## [WHAT IS NEEDED]
Everything in the listing below has to be repeated exactly, except the pictures.

## [EXERCISE DATA]
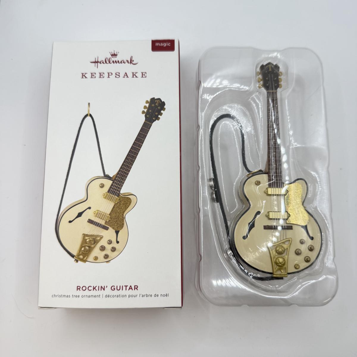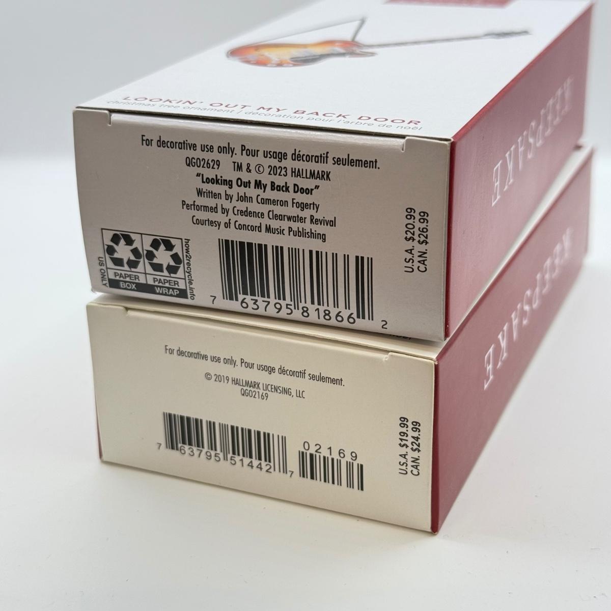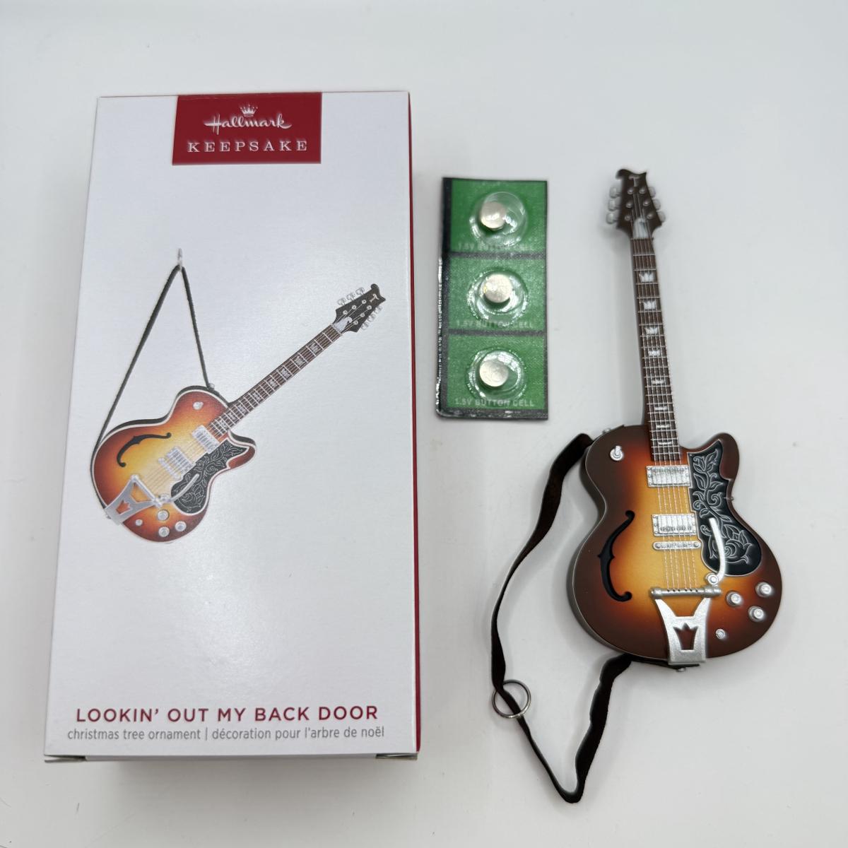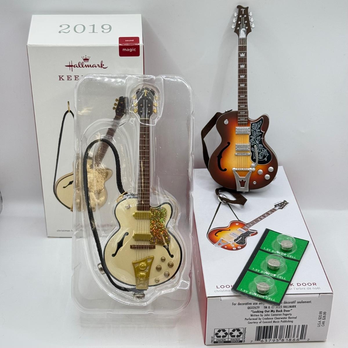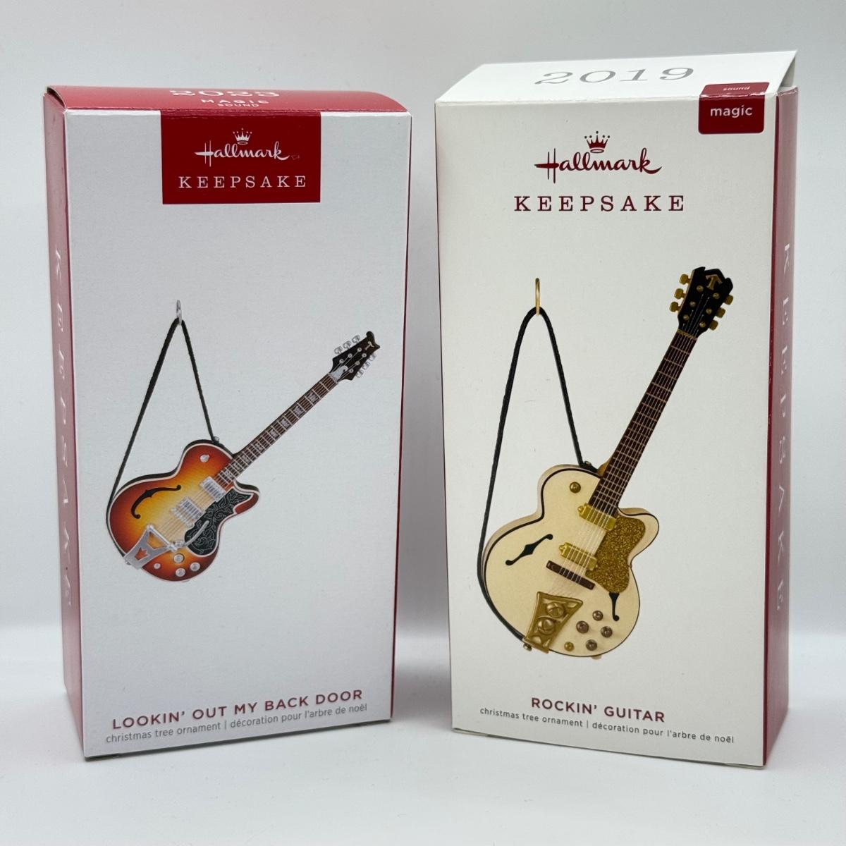 LOT 172: Hallmark Keepsake Guitar Ornaments in Boxes: 2023 Lookin' Out My Back Door & 2019 Rockin' Guitar
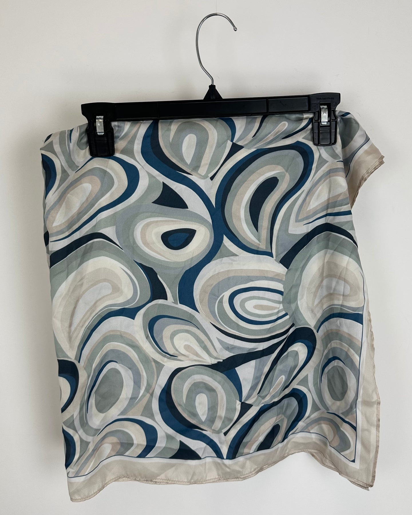 Steve Madden beige, blue, and green swirl print, lightweight, square scarf
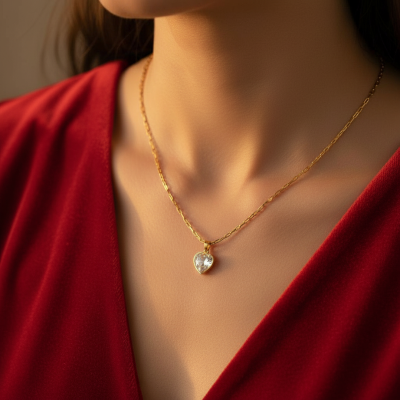 The Heart Pendant with White Stone in 19K Yellow Gold is a timeless piece that symbolizes love, light, and refinement. The heart design paired with the brilliance of the white stone creates a delicate and elegant jewel, perfect for everyday wear or special moments.
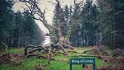 In the past standardisation was not at all essential. Craft work and early mechanical industry, such as shipbuilding, wagon making, and furniture making all required "bends" and "knees," as well as other eccentrically shaped pieces which the side branches would provide. Trees such as beech and oak can be pollarded, a process whereby a standard is cut two-thirds up its trunk. Multiple boughs grow from the cut point and the life of the tree is extended and curved pieces of bough or trunk are often produced. Such trees become magnificent specimens and they live through generations of forest workers. Their base trunk attains great girth. Often the side boughs become too heavy and are broken in stormy weather. In other cases the bough weight (an outward force) begins to tear the lower trunk apart creating a cavity which can over decades become cavernous in size. The oldest of these pollarded trees is the Big Belly Oak beside the A346 road. Big Belly is one of Fifty Great British Trees named and honoured as part of the Queen's Golden Jubilee celebrations. It has a girth of 11 metres (36 ft) and is 1000–1100 years old. In 2001 it was in danger of splitting in two, a fate that had already overtaken the similarly aged Duke's Vaunt. To prevent this, the tree was fitted with a metal corset.[13] The 2011 Radiohead album The King of Limbs is named after the ancient King of Limbs tree in the forest near Tottenham House, where the band recorded part of their previous album, In Rainbows.[14][15]

## [RESPONSE AREA]
 LOT 172: Hallmark Keepsake Guitar Ornaments in Boxes: 2023 Lookin' Out My Back Door & 2019 Rockin' Guitar
 Steve Madden beige, blue, and green swirl print, lightweight, square scarf
 The Heart Pendant with White Stone in 19K Yellow Gold is a timeless piece that symbolizes love, light, and refinement. The heart design paired with the brilliance of the white stone creates a delicate and elegant jewel, perfect for everyday wear or special moments.
 In the past standardisation was not at all essential. Craft work and early mechanical industry, such as shipbuilding, wagon making, and furniture making all required "bends" and "knees," as well as other eccentrically shaped pieces which the side branches would provide. Trees such as beech and oak can be pollarded, a process whereby a standard is cut two-thirds up its trunk. Multiple boughs grow from the cut point and the life of the tree is extended and curved pieces of bough or trunk are often produced. Such trees become magnificent specimens and they live through generations of forest workers. Their base trunk attains great girth. Often the side boughs become too heavy and are broken in stormy weather. In other cases the bough weight (an outward force) begins to tear the lower trunk apart creating a cavity which can over decades become cavernous in size. The oldest of these pollarded trees is the Big Belly Oak beside the A346 road. Big Belly is one of Fifty Great British Trees named and honoured as part of the Queen's Golden Jubilee celebrations. It has a girth of 11 metres (36 ft) and is 1000–1100 years old. In 2001 it was in danger of splitting in two, a fate that had already overtaken the similarly aged Duke's Vaunt. To prevent this, the tree was fitted with a metal corset.[13] The 2011 Radiohead album The King of Limbs is named after the ancient King of Limbs tree in the forest near Tottenham House, where the band recorded part of their previous album, In Rainbows.[14][15]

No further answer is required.